— Теперь ты говоришь глупость. Не было десятков.
— Хорошо, ну, десяток. В лучшем случае.
Ним промолчал.
Руфь проговорила задумчиво:
— Может быть, это фрейдизм — то, что я сказала десятки. Потому что это то, что ты любишь делать, правда? Уложить в постель как можно больше женщин.
— Некоторая доля правды в этом есть.
— Я знаю, что это правда. — Она говорила совершенно спокойно. — А знаешь ли ты, что когда женщина, жена слышит подобное от мужчины, которого она любила или считала, что любит, то она чувствует себя униженной, испачканной, обманутой?

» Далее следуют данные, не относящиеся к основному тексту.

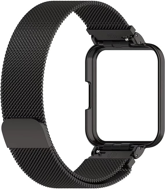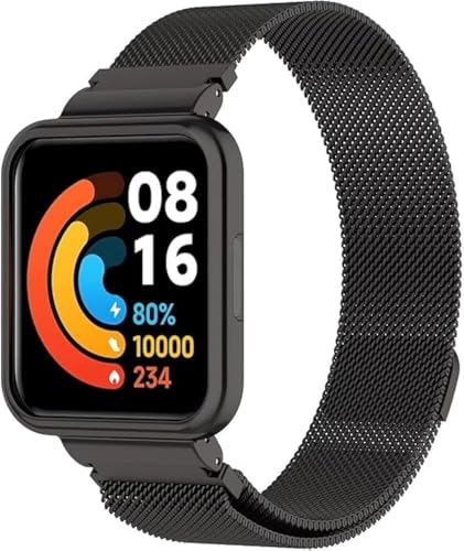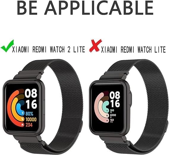 ELMO3EZZ - سوار ميلانو معدني مغناطيسي شبكي بديل مصنوع من الفولاذ المقاوم للصدأ من الموعز متوافق مع ساعة شاومي ريدمي واتش 2 لايت، أسود

— Если ты так думала все это время, почему ты ждала сегодняшнего дня? Почему мы об этом не говорили раньше?
— Справедливый вопрос. — Руфь замолчала, обдумывая ответ. — Наверное, надеялась, что ты изменишься, что у тебя пропадет охота спать с каждой привлекательной женщиной, которая попадется тебе на глаза. Ведь почти каждый ребенок, взрослея, перестает с жадностью набрасываться на конфеты. Вот и в тебе я видела такого ребенка. Но я ошиблась, ты не изменился. Ну, коли мы решили быть честными друг с другом, назову и другую причину. Я трусила. Я боялась ответственности, боялась за Леа и Бенджи, не хотела признаться, что мой брак, подобно многим другим, не состоялся. — Голос Руфи сорвался в первый раз. — Теперь у меня нет страха, нет гордости или чего-то еще. Я хочу уйти.
— Ты действительно хочешь этого только из-за меня? По щекам Руфи скатились две слезинки:
— Что еще ты выдумал?
Нима охватило негодование. Почему он постоянно защищается? Только ли он виноват в случившемся?
— Как насчет твоего собственного любовного приключения? — спросил он. — Если мы расстанемся, займет ли твой приятель мое место?
— Какой приятель?
— Тот, с которым ты встречалась. Вместе с которым ты уехала.
Руфь уже вытерла глаза и теперь смотрела на него с жалостью.
— Ты действительно веришь в это? В то, что я ушла с мужчиной?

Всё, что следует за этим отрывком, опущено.